Contact: Scot Olivier (925) 423-6483 (olivier1@llnl.gov).


Algorithmic Blackbox Takes on Black Holes

Black hole mergers are the only cosmic phenomena explosive enough to produce gravitational waves detectable by current instrumentation. Such a merger—in which binary black holes (BBH) fuse and expel mass as energy—was the source of the revelatory direct observation of gravitational waves at the Laser Interferometer Gravitational-Wave Observatory in 2016. Findings published November 9, 2021, in Physical Review Research, present new computational methods to rapidly decode the dynamics of the black hole systems responsible for gravitational disruptions.

Albert Einstein’s field equations to describe black hole mergers require resource-intensive computation to solve for each unique combination of physical parameters, leading researchers to reduce them to more manageable, yet less precise forms for describing BBH motion throughout each merger stage. Livermore mathematician and computational scientist Brendan Keith led a collaborative effort with researchers from the University of Massachusetts, Dartmouth College, and the University of Mississippi to rethink the problem.
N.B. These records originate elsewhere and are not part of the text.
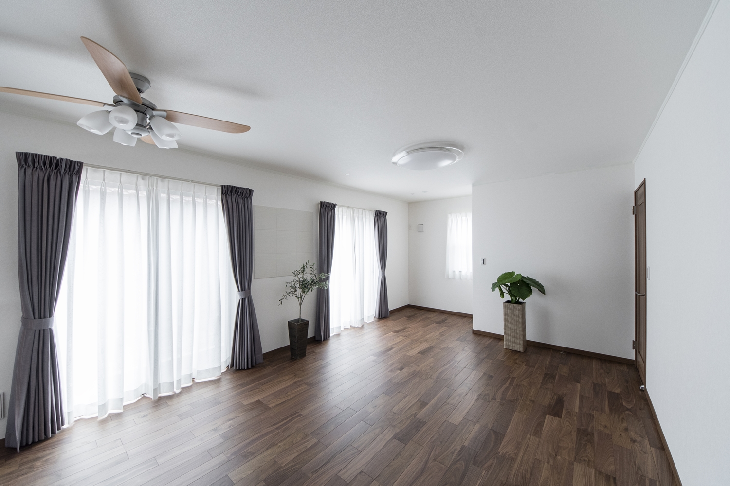 大きな窓から自然のやさしい光が降り注ぐ、明るく開放的なリビング空間。
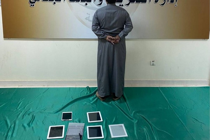 الجاني بعد القبض عليه وتظهر الأجهزة المسروقة التي تم استردادها (الأمن العام)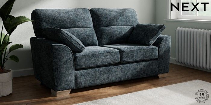 7.2.10 Buy Stamford Highback 2 Seater Sofa Chunky Chenille Dark Navy Blue Large Square Angle - Chrome Metal from the Next UK online shop Click here to use our accessible website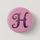 Modern Metallic Rosemaling Letter H, Pink/Purple 3 Cm Round Badge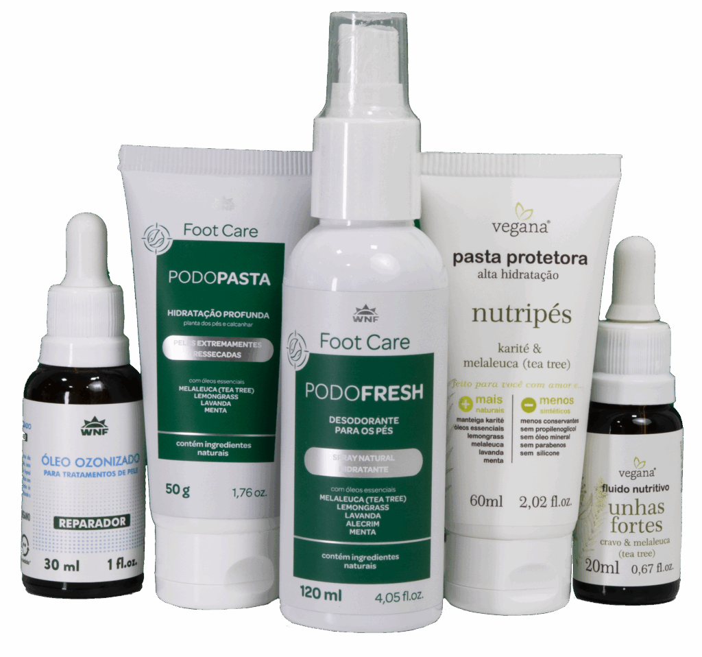 Na Plenna Podologia Barueri, possuímos alguns produtos das marcas WNF e Vegana, voltadas para cuidados com os pés e fortalecimento das unhas. Temos o PodoFresh (desodorante para os pés), a Podopasta (hidratação profunda) e o Óleo Ozonizado Reparador da WNF, além da Pasta Protetora Nutripés, e o Fluído Nutritivo Unhas Fortes da marca Vegana, que contam com os ativos naturais melaleuca, karité e tea tree. Esses produtos podem auxiliar nos cuidados diários em casa, complementando os tratamentos realizados em consultório.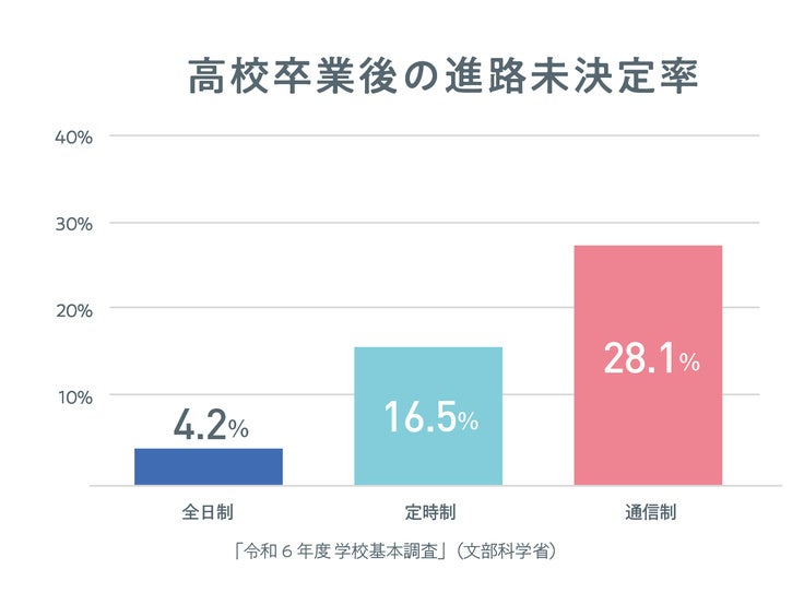 高校生の新卒採用を検討している企業は「明るさやコミュニケーション力」を重視する傾向が強く、「通信制高校の生徒」というだけで、企業側から敬遠されることは珍しくありません。加えて、通信制高校の生徒は「学校に通う」という機会が少なく、居住地も各地に点在しています。結果的に、学校や友達との関係性が強くならないまま卒業を迎えてしまうケースも多く、そのような状況下における「進路未決定のまま卒業」は、さらに社会的孤立を深めてしまう要因にもなっています。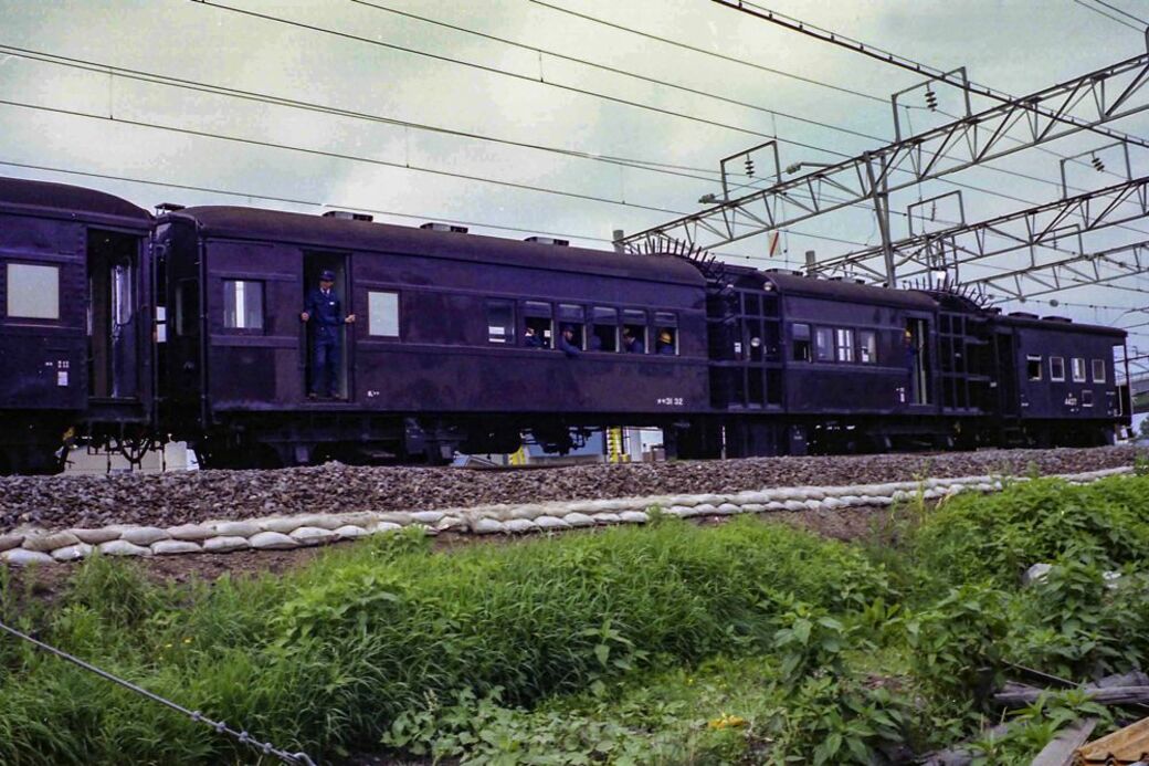1980年の千歳線・室蘭本線電化の際に運転されたオイラン列車。オヤ31 32は車端部と台車中心から6.9mの2カ所に矢羽根を設置。これはオヤ31 31・32だけの特徴で、他車は矢羽根が3カ所にある(筆者撮影)

The team devised a machine-learning model that intakes raw gravitational wave data to systematically learn and produce equations describing BBH motion.

Starting with a nonrelativistic physics model and a system of differential equations adjusted and refined by neural networks, the method algorithmically fills in the relativistic aspects of motion not accounted for in the basic model. “Our model takes astronomically fewer resources than conventional computational methods and can return highly accurate descriptive equations in mere minutes,” says Keith. This predominantly data-driven approach may provide for accurate simulations of astrophysical dynamics even in scenarios with limited or low-resolution data.